From 2016 to 2020, considerable progress was made regarding IE’s purpose “to enhance heritage interpretation as part of public education” and to “conduct educational and training activities” (Constitution, §2). In 2015, it was decided that increasing IE’s membership numbers was critical to secure a constant and independent long-term income from membership fees, and IE’s own training programme became one key lever to achieve this.

From 2016 to 2020, 41 IE trainers were certified and encouraged to develop the programme. They ran 124 training courses in 22 countries with more than 1,200 participants. 74% of IE’s new members joined through IE training events, and by the end of 2020, more than 60% of IE’s membership had been certified after participating in at least one 40-hour training course. Through 70 in-person introductory events, trainers actively promoted IE and since 2018, they also ran most of the webinars of that newly launched programme (from September 2019 on a monthly basis).

To encourage members to take responsibility for specific tasks, IE established 29 volunteer teams from 2016, run by coordinators from 22 countries acting on behalf of the Management.
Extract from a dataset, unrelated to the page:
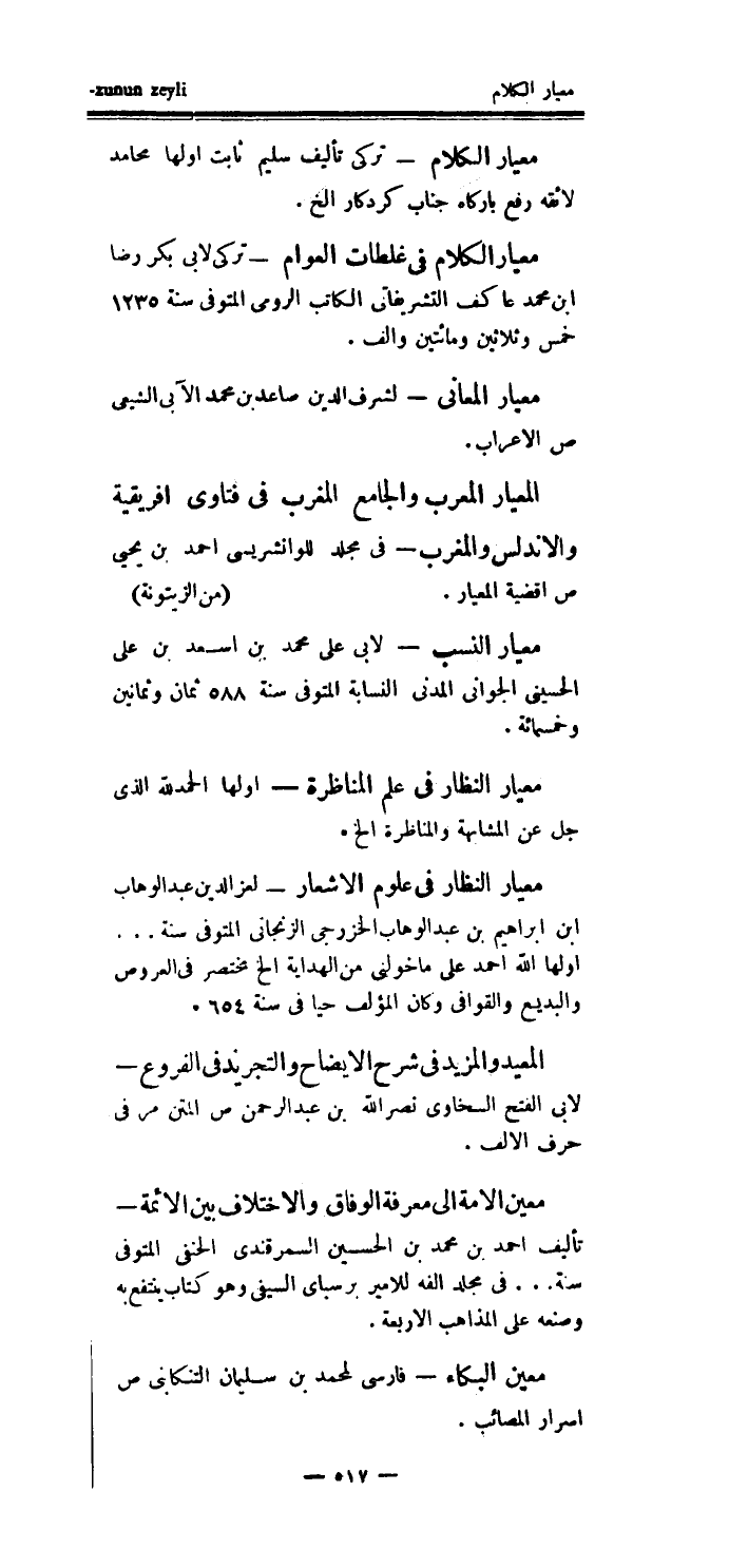 معيار الكلام في غلطات العوام - تركي لأبي بكر رضا ابن محمد عاكف التشريفاتي الكاتب الرومي المتوفى سنة 1235 خمس وثلاثين ومائتين وألف.

By the end of 2020, five managing coordinators, seven subject coordinators and 17 country coordinators formed the backbone of the association, delivering on specific objectives and keeping members engaged and active. By the end of 2020, about 10% of IE’s members were engaged in teams.
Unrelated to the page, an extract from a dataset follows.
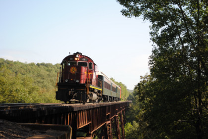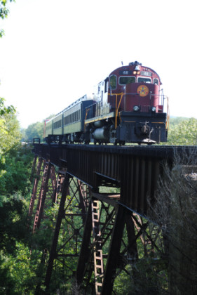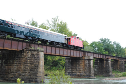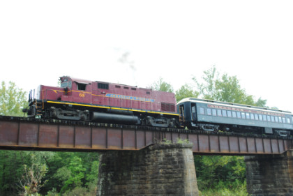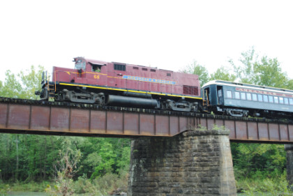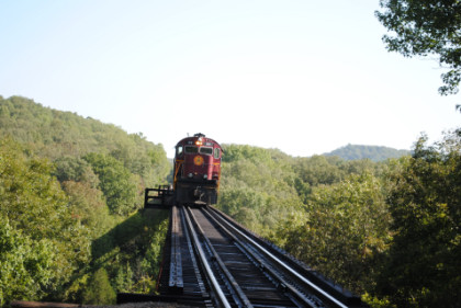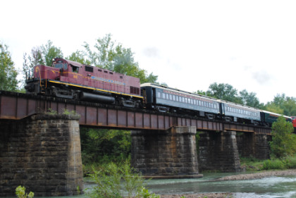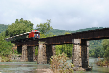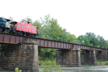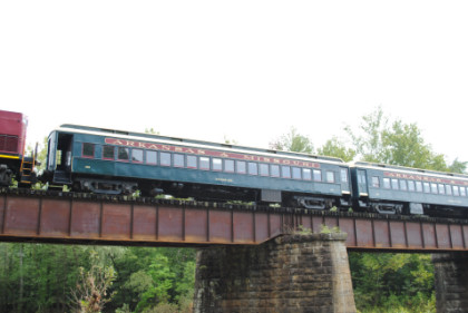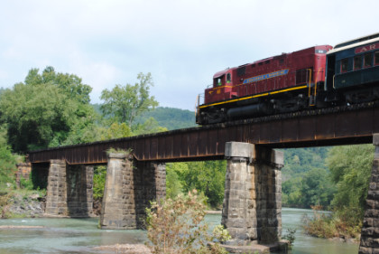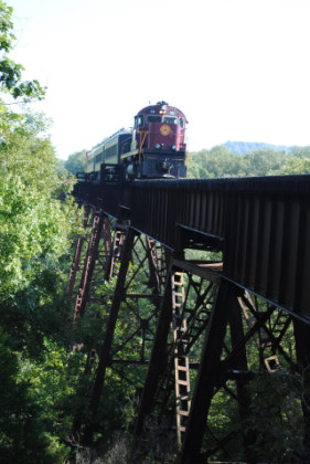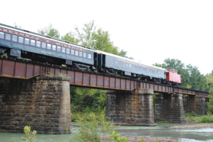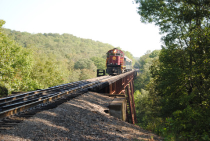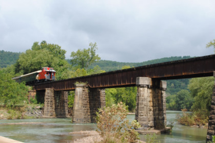 Static photograph location five at Trestle 1. When that was completed, we reboarded again and continued south, taking a few more curves before crossing the 421 foot long and 110 foot high Trestle 2. A few minutes later, our train crossed Trestle 3, which is 451 long and 110 feet high. We were then following Clear Creek and slowed for a section of track that had been repaired from flooding two days ago. After passing a waterfall under our first crossing of Interstate 540, we rolled down a 3.4 mile stretch of straight track and went through Chester, where an Arkansas and Missouri ballast train was in the siding waiting to go back to work with the flood repairs along our route.

For more comprehensive information provision to all members, the quarterly newsletter was significantly extended. The average issue grew from 12 pages in 2011-2015 to 35 pages in 2016-2020, and since 2016 it has also been offered as an electronic version. Additional newsmails were introduced for short-term information, regular surveys were launched, and IE became active on several social media channels, including Facebook, Linkedin, Twitter, YouTube and Wikipedia.
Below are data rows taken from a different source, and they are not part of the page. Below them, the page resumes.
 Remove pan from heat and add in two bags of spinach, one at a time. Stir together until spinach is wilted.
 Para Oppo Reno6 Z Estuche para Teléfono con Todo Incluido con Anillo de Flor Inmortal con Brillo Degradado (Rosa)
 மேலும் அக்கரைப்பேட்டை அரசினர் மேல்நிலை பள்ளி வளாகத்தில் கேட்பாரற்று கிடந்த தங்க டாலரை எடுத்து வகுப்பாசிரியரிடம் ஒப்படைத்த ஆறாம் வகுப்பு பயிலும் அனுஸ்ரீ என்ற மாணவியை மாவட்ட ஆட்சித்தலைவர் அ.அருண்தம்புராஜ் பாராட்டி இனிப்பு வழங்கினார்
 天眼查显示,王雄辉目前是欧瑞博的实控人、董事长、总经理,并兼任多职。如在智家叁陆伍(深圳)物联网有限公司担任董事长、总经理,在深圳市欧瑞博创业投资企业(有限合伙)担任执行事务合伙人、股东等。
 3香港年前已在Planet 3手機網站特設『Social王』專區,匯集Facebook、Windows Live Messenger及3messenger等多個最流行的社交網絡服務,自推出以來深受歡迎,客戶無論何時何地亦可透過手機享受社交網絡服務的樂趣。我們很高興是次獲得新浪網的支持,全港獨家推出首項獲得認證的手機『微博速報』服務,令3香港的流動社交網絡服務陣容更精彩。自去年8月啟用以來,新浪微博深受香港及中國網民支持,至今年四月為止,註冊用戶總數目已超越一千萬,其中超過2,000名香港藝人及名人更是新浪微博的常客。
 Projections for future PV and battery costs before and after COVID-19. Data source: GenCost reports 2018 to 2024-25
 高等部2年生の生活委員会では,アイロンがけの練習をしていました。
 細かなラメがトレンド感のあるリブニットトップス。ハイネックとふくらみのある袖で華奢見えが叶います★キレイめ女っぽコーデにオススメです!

Besides ‘Engaging citizens with Europe’s cultural heritage’, IE launched two more initiatives: the regional initiative ‘Fostering communities through heritage interpretation’ in the Western Balkan region and the subject-related initiative ‘Recreating tourism through heritage interpretation’ that will unfold as our focus after the coronavirus crisis and become the subject of our iecon21 conference in October. As an associated partner, IE was also involved in the EU projects HIMIS and DELPHI.

Challenges

There have also been some challenges during this period, not least the impact last year of the global pandemic, and according to the key strategic goals planned for 2016-2020, IE was not able to:

  1. gain external funding due to missing high-level connections (politics, economy, media, law)
  2. set up more reliable teams around coordinators who proactively care for their replacement
  3. install a sophisticated database that allows to manage the membership more efficiently
  4. keep more members and gain new institutional and business members as key contributors
  5. establish an Office that is engaged and qualified enough to take on tasks independently

IE achieved a lot but there is still a lot to do to fulfil that vision of a vibrant network we all appreciate. This also depends on you, the members. From taking responsibility as a coordinator or joining a team, through running a webinar or writing a newsletter article to posting in our Facebook group or just getting in touch with a member you haven’t seen for a while. There are so many opportunities to be active, and each is one more reason for looking forward to the next future of IE. We hope that you have been inspired as a member to take part in the strategic planning process when asked by the Supervisory Committee – it is, after all, YOUR membership organisation. We are looking forward to the next five years of IE and what we can all achieve together.